I do believe the limit should have been dropped before now just to keep the numbers up, but they seem to wait until everything looks real bad then freak everyone out about it! 

BTW Has anyone noticed the inland lakes with the green/blue algea? Just curious, you would think they get alot of run off also. Do they turn green?


----------



## Tommybouy (Jun 5, 2005)

immediate observation is fragmented article. Had bits and pieces that are relevant. 

overall concern is quality hatches are too far apart and algae levels are broaching levels when the great lake was dying / near dead.

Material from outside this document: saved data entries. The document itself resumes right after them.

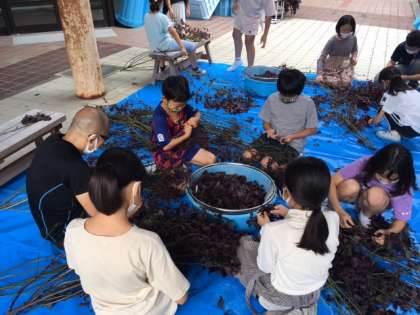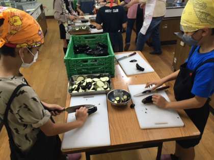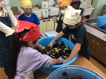 まず,赤しそを洗って,葉を取ります。つぎに,なすを切ります。それを塩でもみこんだあと,赤しそを加えてもう一度もみます。みんなで漬けたしば漬がどんな味になるか楽しみです。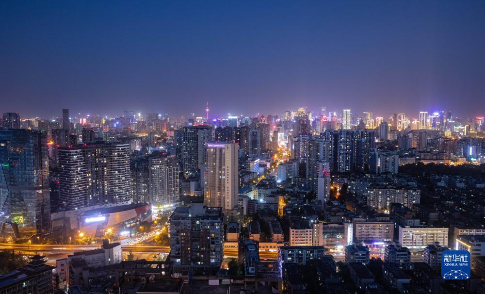 夜幕下的成都高新区一角(7月9日摄)。新华社发(王琦摄)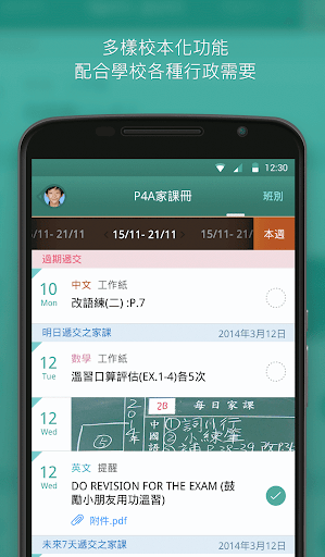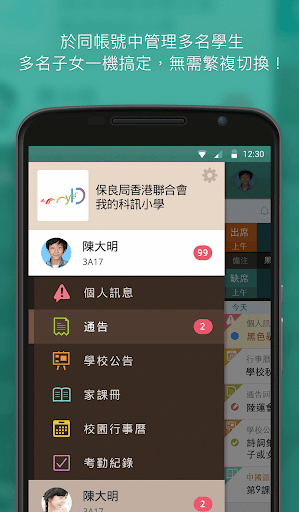 配合 myIT-School 內聯網及智能訊息發佈中心,校園資訊便能第一時間傳送到家長的智能手機之中,令家長更實時地了解子女的校園生活。 功能包括: - 家課冊、學校公告、通告及個人訊息顯示 - 主動訊息通知,配合雲端處理,實時 Push Notification 服務 - 可閱讀多名子女的訊息 - 支援文字、圖片顯示和附件顯示 * 支援 Android 4.0 或以上版本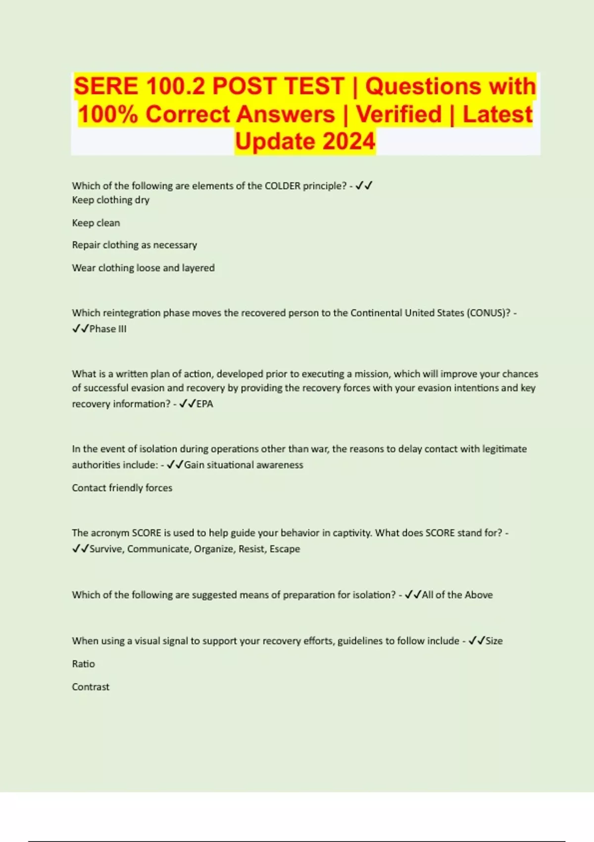SERE 100.2 POST TEST | Questions with 100% Correct Answers | Verified | Latest Update 2024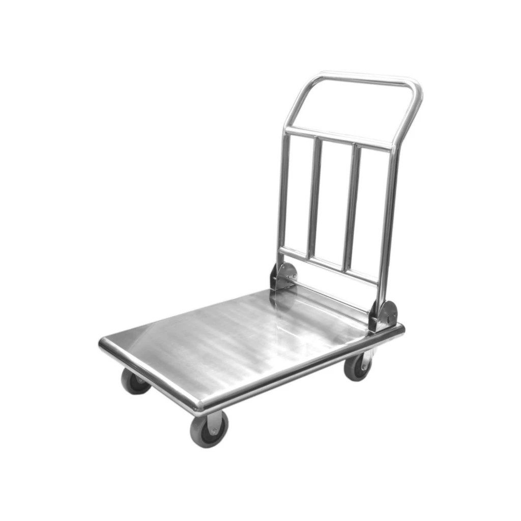 Transportní vozík se sklopným madlem se vyznačuje odolnou šroubovanou konstrukcí z nerezové oceli 18/10. Profilovaná police zabraňuje sklouznutí přepravovaných produktů. Skvěle poslouží ve stravovacích zařízeních, nemocnicích a školních jídelnách. Lze složit, což usnadňuje skladování i přepravu.Vozík plošinový 74 × 87 × 48 cm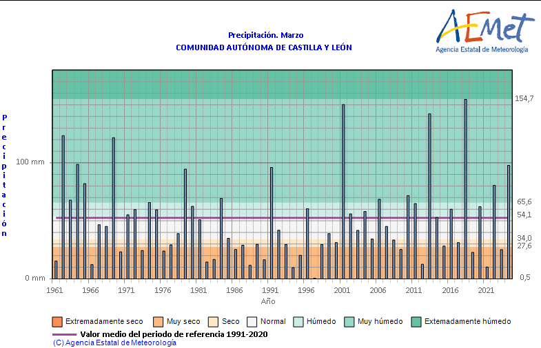 En cuanto a las lluvias, marzo de 2024 se ha caracterizado en Castilla y León por ser un mes “muy húmedo”, excepto en el Norte de León y el Noroeste de la Comunidad, donde ha sido “húmedo”, y en el Noroeste de Burgos, donde se han registrado valores normales.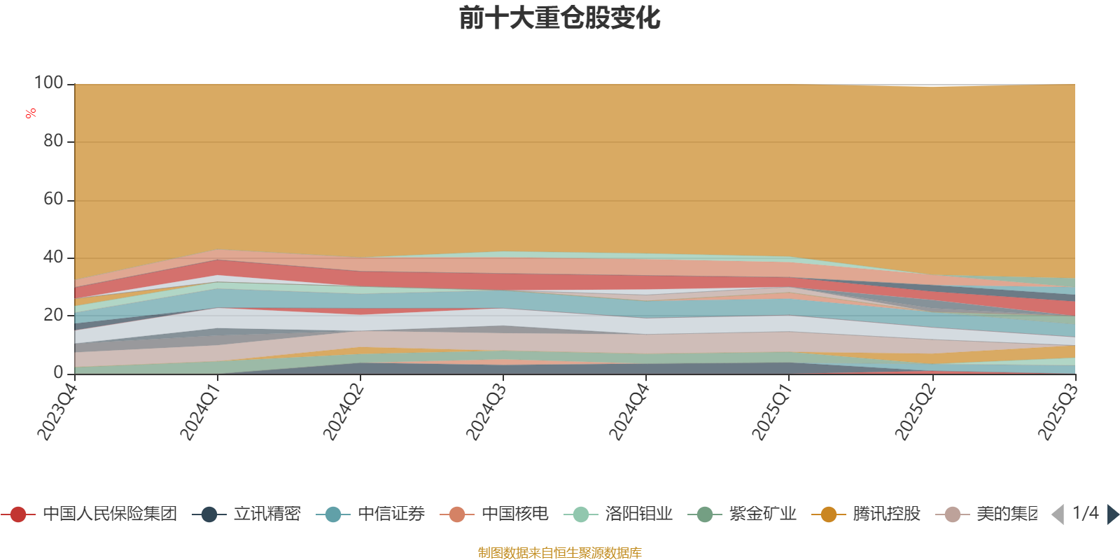 截至2025年三季度末,基金十大重仓股分别是海尔智家、宁德时代、腾讯控股、兆易创新、贵州茅台、中信证券、渝农商行、洛阳钼业、快手-W、阿里巴巴-W。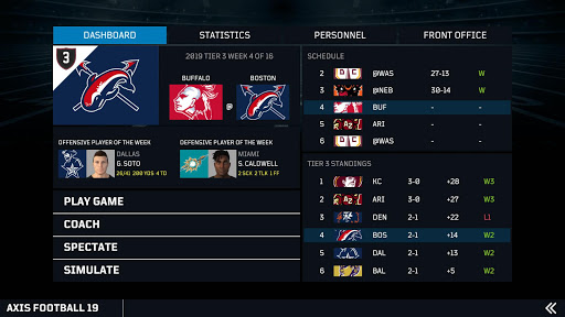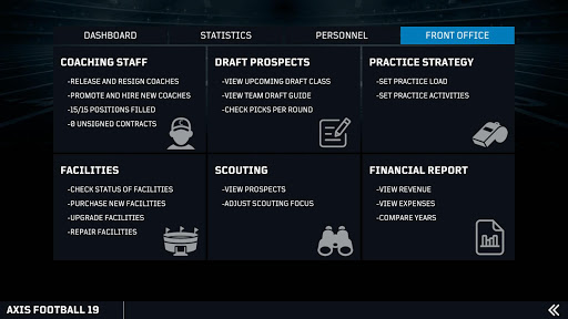 Axis Football is an 3D American football simulation featuring immersive gameplay and a deep franchise mode. Scout players, draft players, sign free agents, coach your team in-game, and play as the players.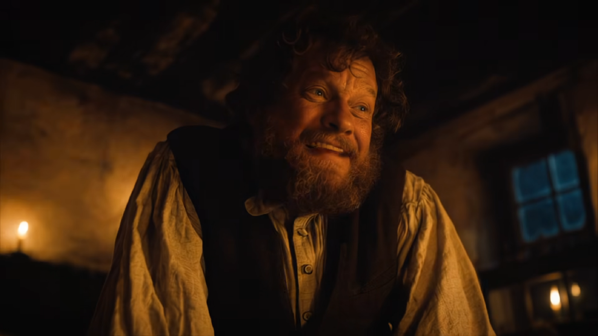 What follows are some shots artisticaly avoiding showing someone speaking, and a doctor devoid of any sort of expression entering a typhoid-riddled ship. The doctor enters the ship and shows him speaking two full words of his lip-synced sentence, before the prompts lead the camera to a man in a bed and freeze-framing on his face to reveal that man is Thomas Paine.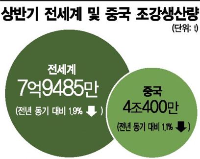 4일 철강업계에 따르면 중국은 올 상반기 1300만t의 철강설비를 폐쇄했다. 올해 목표치가 4500만t인 것을 감안하면 30%에도 못 미친 수준이다. 철강업계 관계자는 "철강재 가격이 오르면서 철강사 수익이 개선되면서 설비 폐쇄를 지연시킨 것"이라며 "조강 생산량 비중은 되레 늘었다"고 말했다. 상반기 글로벌 시장(7억9485만t)에서 중국의 조강생산(4억400만t)이 차지하는 비중은 50.3%였다. 1년 전(49.9%)보다 0.4%포인트 상승했다. 중국의 조강생산 감소폭(1%)보다 전세계 조강생산량 감소폭(1.9%)이 컸기 때문에 이런 현상이 벌어진 것이다.

To answer your question about inland lakes - inland lakes are having the same algae issue and some have been shut down / closed from swimming. Last year reported the death of pets that drank from those same inland lakes and unfortunately a few people suffered issues that will affect them the rest of their lives.

Not the most informative article but had truths. Next spawn is coming to a March / April near you; Maybe this will be the one we have been waiting for.


----------



## Alaskan (Jun 19, 2007)

Inland>>>Grand Lake St. Mary's




BIG JOHNSON said:


> I'm not sure I'm buyin what they are selling. I do believe the numbers are down due to the lack of hatches, but just 8 years ago we had one of the best hatches that we've had in a while. You can't tell me that much has changed with the agriculter side of things. Infact with things the way they are you might think that side of the equation has dropped due to the economy. And the global warming thing hasn't been proven either. If I was a betting person, I would bet we get a good hatch in the near future. Everything goes through cycles from what I can tell.
> I do believe the limit should have been dropped before now just to keep the numbers up, but they seem to wait until everything looks real bad then freak everyone out about it!
> 
> BTW Has anyone noticed the inland lakes with the green/blue algea? Just curious, you would think they get alot of run off also. Do they turn green?


----------



## CarpetBagger (Sep 21, 2009)

Bad things sell....Mediocry is boring...

They need to build things down so when the lake bounces back they can write how wonderful everything is...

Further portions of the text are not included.